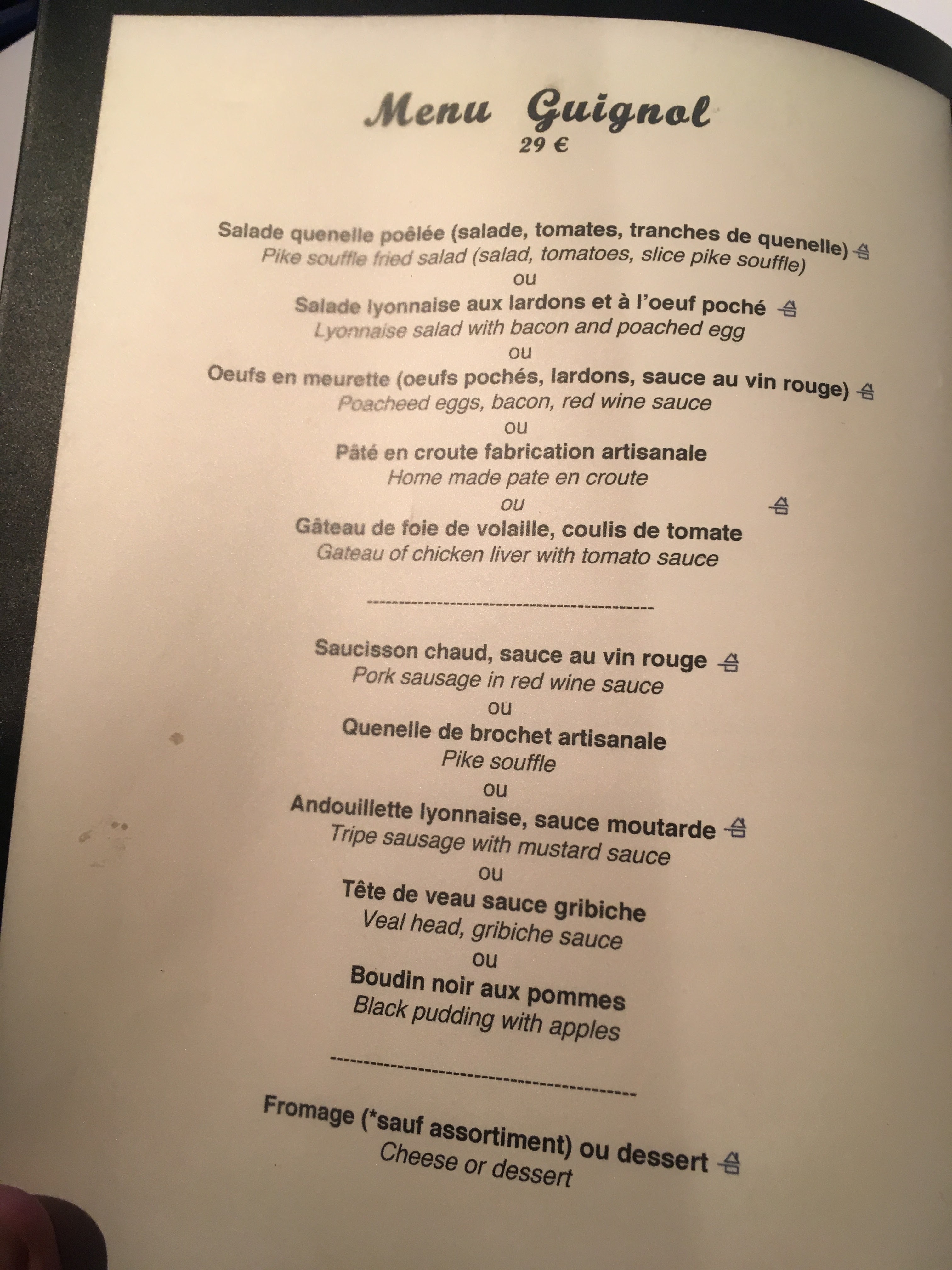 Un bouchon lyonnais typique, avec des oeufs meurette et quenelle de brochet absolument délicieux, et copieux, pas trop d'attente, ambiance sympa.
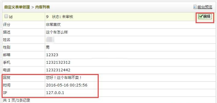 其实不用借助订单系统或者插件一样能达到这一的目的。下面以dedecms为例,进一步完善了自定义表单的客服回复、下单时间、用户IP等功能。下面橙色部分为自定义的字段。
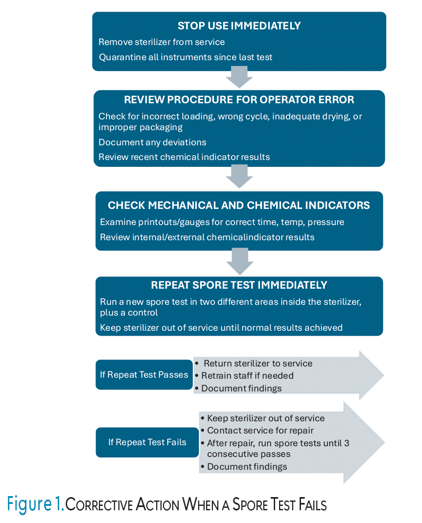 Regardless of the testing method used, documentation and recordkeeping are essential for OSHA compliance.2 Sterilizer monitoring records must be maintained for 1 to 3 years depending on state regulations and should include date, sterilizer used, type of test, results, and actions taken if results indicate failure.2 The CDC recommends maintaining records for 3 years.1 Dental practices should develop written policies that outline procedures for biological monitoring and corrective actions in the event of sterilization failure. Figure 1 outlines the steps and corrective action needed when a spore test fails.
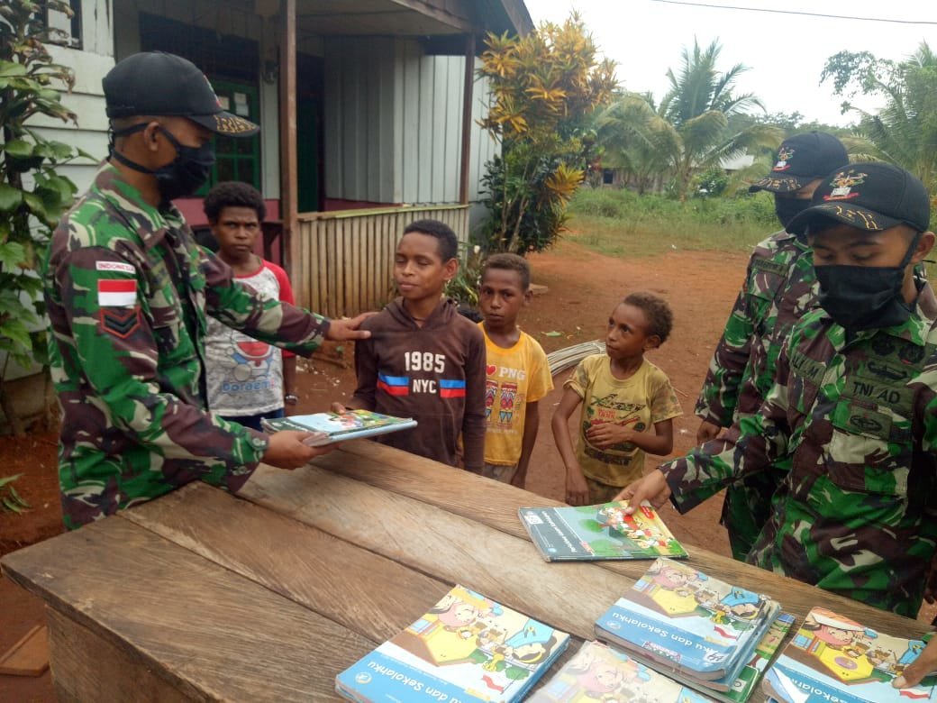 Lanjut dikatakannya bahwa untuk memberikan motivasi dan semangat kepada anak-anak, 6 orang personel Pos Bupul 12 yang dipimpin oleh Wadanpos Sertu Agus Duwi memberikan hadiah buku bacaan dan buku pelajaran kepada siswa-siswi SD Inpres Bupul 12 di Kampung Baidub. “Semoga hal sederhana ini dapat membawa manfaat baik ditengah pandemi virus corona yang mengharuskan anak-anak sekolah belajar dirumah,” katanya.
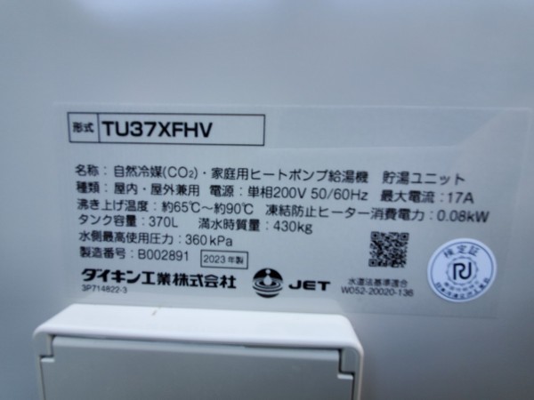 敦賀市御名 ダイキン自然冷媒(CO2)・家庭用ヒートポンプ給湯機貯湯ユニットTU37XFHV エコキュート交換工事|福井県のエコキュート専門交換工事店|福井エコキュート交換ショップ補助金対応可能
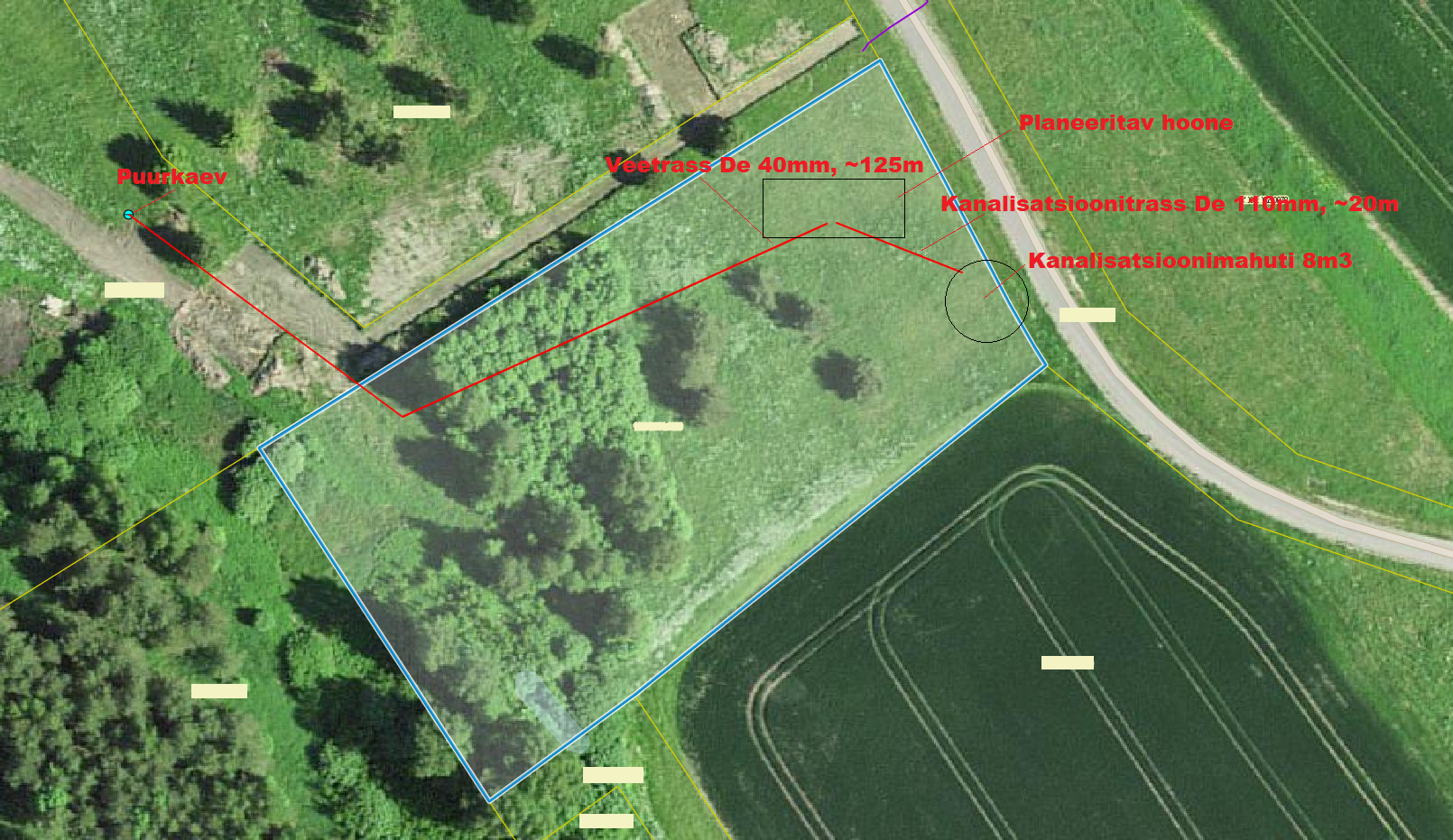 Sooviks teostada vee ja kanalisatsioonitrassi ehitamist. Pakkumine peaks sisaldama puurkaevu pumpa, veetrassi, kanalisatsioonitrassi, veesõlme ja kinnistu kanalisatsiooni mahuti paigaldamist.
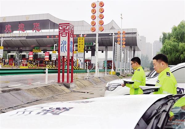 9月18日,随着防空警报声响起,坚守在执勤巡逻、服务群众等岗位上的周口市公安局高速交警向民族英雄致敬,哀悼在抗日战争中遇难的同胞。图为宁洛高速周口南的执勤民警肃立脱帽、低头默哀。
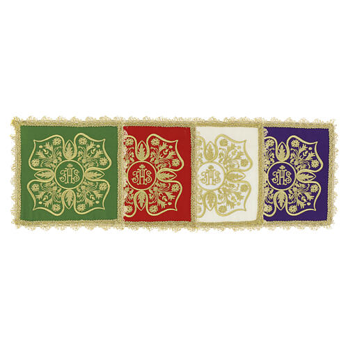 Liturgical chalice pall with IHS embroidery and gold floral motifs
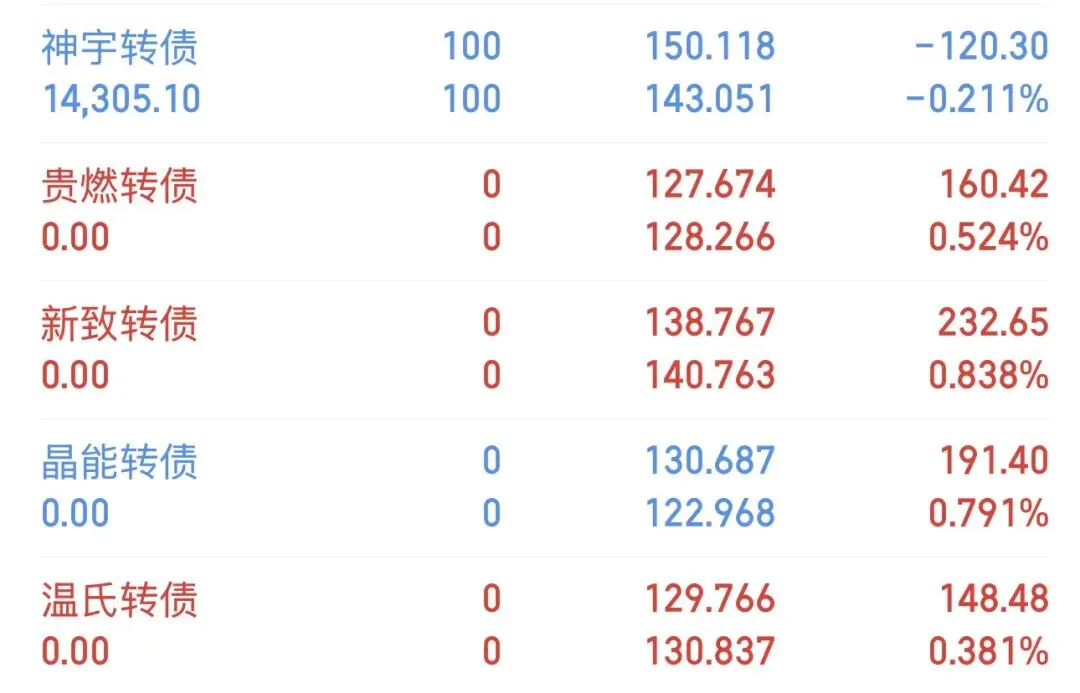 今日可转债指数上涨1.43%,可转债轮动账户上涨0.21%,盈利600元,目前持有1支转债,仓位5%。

------------

**What the task requires**
From the first record to the last, print everything again exactly, without pictures.

**Answer to the exercise**
 Un bouchon lyonnais typique, avec des oeufs meurette et quenelle de brochet absolument délicieux, et copieux, pas trop d'attente, ambiance sympa.
 其实不用借助订单系统或者插件一样能达到这一的目的。下面以dedecms为例,进一步完善了自定义表单的客服回复、下单时间、用户IP等功能。下面橙色部分为自定义的字段。
 Regardless of the testing method used, documentation and recordkeeping are essential for OSHA compliance.2 Sterilizer monitoring records must be maintained for 1 to 3 years depending on state regulations and should include date, sterilizer used, type of test, results, and actions taken if results indicate failure.2 The CDC recommends maintaining records for 3 years.1 Dental practices should develop written policies that outline procedures for biological monitoring and corrective actions in the event of sterilization failure. Figure 1 outlines the steps and corrective action needed when a spore test fails.
 Lanjut dikatakannya bahwa untuk memberikan motivasi dan semangat kepada anak-anak, 6 orang personel Pos Bupul 12 yang dipimpin oleh Wadanpos Sertu Agus Duwi memberikan hadiah buku bacaan dan buku pelajaran kepada siswa-siswi SD Inpres Bupul 12 di Kampung Baidub. “Semoga hal sederhana ini dapat membawa manfaat baik ditengah pandemi virus corona yang mengharuskan anak-anak sekolah belajar dirumah,” katanya.
 敦賀市御名 ダイキン自然冷媒(CO2)・家庭用ヒートポンプ給湯機貯湯ユニットTU37XFHV エコキュート交換工事|福井県のエコキュート専門交換工事店|福井エコキュート交換ショップ補助金対応可能
 Sooviks teostada vee ja kanalisatsioonitrassi ehitamist. Pakkumine peaks sisaldama puurkaevu pumpa, veetrassi, kanalisatsioonitrassi, veesõlme ja kinnistu kanalisatsiooni mahuti paigaldamist.
 9月18日,随着防空警报声响起,坚守在执勤巡逻、服务群众等岗位上的周口市公安局高速交警向民族英雄致敬,哀悼在抗日战争中遇难的同胞。图为宁洛高速周口南的执勤民警肃立脱帽、低头默哀。
 Liturgical chalice pall with IHS embroidery and gold floral motifs
 今日可转债指数上涨1.43%,可转债轮动账户上涨0.21%,盈利600元,目前持有1支转债,仓位5%。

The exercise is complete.